Cray® XC™ series supercomputer
Cray® Sonexion® storage system
24 cabinets, all CPU
600 TB of memory
Working faster, better, and smarter is the name of the game. That’s because data volume, fidelity and algorithmic complexity are on the rise and processing all of it into an image requires immense computing power.
“There’s more pressure on us to produce [images] in a cost-effective way,” says PGS’s chief geophysicist Sverre Brandsberg-Dahl. “We needed to do something radically different.”
That radically different “something” was a complete change of their computing infrastructure. In 2014 PGS found themselves faced with their most complex imaging challenge ever. They had conducted a survey of a critically important, resource rich — but extraordinarily complex — area of the Gulf of Mexico. The “Triton” survey covered 10,000 square miles, took two years to plan and almost a year to conduct. At the end, they had not only the most complex but the largest seismic survey to process ever.
While the survey produced massive amounts of data and the potential for the clearest subsurface images of the region yet, processing that data required more compute power than the clusters that PGS and companies like them typically use.

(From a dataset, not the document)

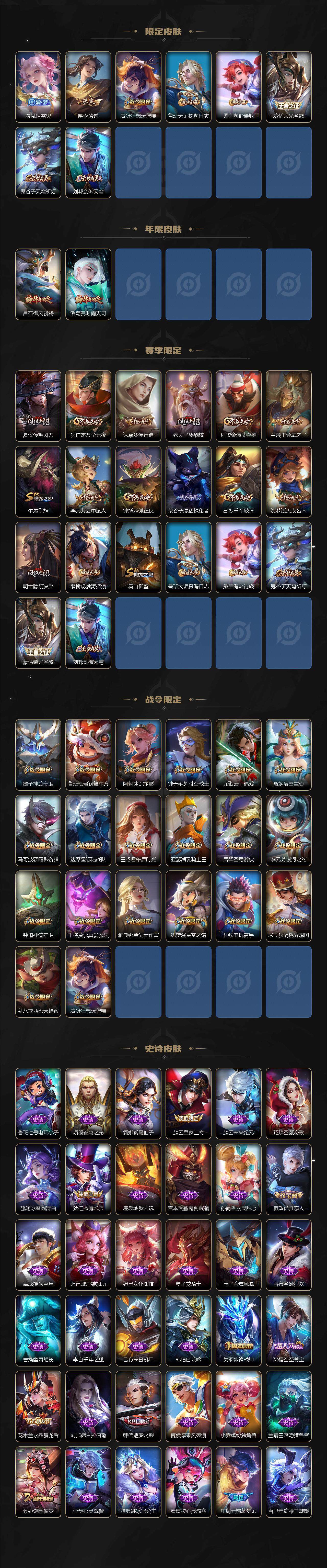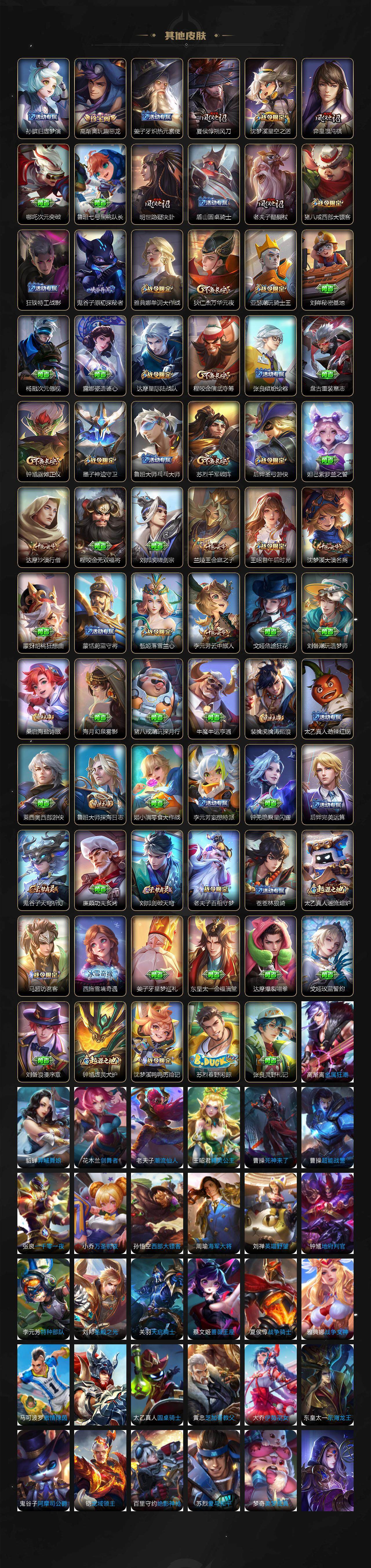 【限定皮肤】:狄仁杰阴阳师,赵云皇家上将,墨子神迹守卫,妲己时之奇旅,嬴政优雅恋人,鲁班七号狮舞东方,鲁班七号乒乒小将,庄周云端筑梦师,庄周高山流水,高渐离玩趣恶龙,阿轲迷踪丽影,钟无艳超时空战士,芈月白晶晶,吕布御风骁将,元歌云间偶戏,元歌无心,夏侯惇朔风刀,甄姬游园惊梦,甄姬落雪兰心,马可波罗暗影游猎,狄仁杰魔术师,狄仁杰万华元夜,狄仁杰神器狴犴令,达摩星际陆战队,达摩沙漠行僧,项羽海滩派对,老夫子醍醐杖,关羽冰锋战神,貂蝉遇见胡旋,程咬金演武夺筹,韩信逐梦之影,韩信傲雪梅枪,王昭君午后时光,兰陵王金庭之子,花木兰默契交锋,亚瑟潮玩骑士王,孙悟空至尊宝,牛魔御旌,后羿圣弓游侠,张飞百相守梦,李元芳银河之约,李元芳云中旅人,虞姬启明星使,钟馗神迹守卫,钟馗驱傩正仪,干将莫邪真爱魔法,雅典娜单词大作战,蔡文姬繁星吟游,东皇太一逐梦之光,鬼谷子原初探秘者,鬼谷子五谷丰年,诸葛亮时雨天司,苏烈千军破阵,弈星混沌棋,沈梦溪星空之诺,沈梦溪大漠名商,沈梦溪匿光破解者,明世隐疑决卦,裴擒虎李小龙,裴擒虎擒涛扼浪,狂铁电玩高手,米莱狄胡桃异想国,云中君纤云弄巧,伽罗天狼溯光者,盾山御銮,猪八戒西部大镖客,嫦娥拒霜思,曜李逍遥 ,蒙犽狂想玩偶喵,鲁班大师探海日志,桑启海盐诗旅,蒙恬荣光圣徽,鬼谷子天穹祈灯,刘邦剑破天穹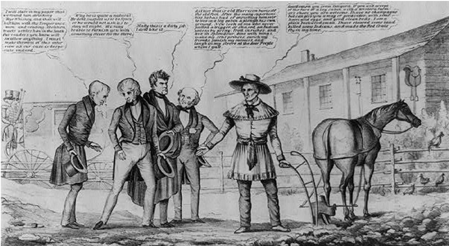 На карикатуре Генри Робинсона «Фермер из Норт Бенда и его визитеры» рядом с Гаррисоном изображены представители демократической партии Фрэнсис Блэр, Амос Кендалл, Джон Кэлхун и Мартин Ван Бюрен элегантно одетые, только что вышедшие из роскошной кареты с лакеями на запятках.

In PGS’s case, the wealth of information in the Triton dataset would have gone to waste. Their cluster system was simply not capable of processing it. “It’s a big data mining effort to go in and find the energy that is good and discard what is not,” says Brandsberg-Dahl.
This reality prompted the company to make the switch from clusters to a Cray supercomputer. Supercomputing technology gave PGS both the immediate ability to process the Triton survey in the shortest time possible as well as keep up as survey demands continue to intensify.
“This is why we need supercomputers,” says Brandsberg-Dahl. “[These] are massive imaging challenges by all standards and we have the ability to do this now having moved to this distributed computing system. We delivered this survey on time, on budget and with much improved geophysical quality.”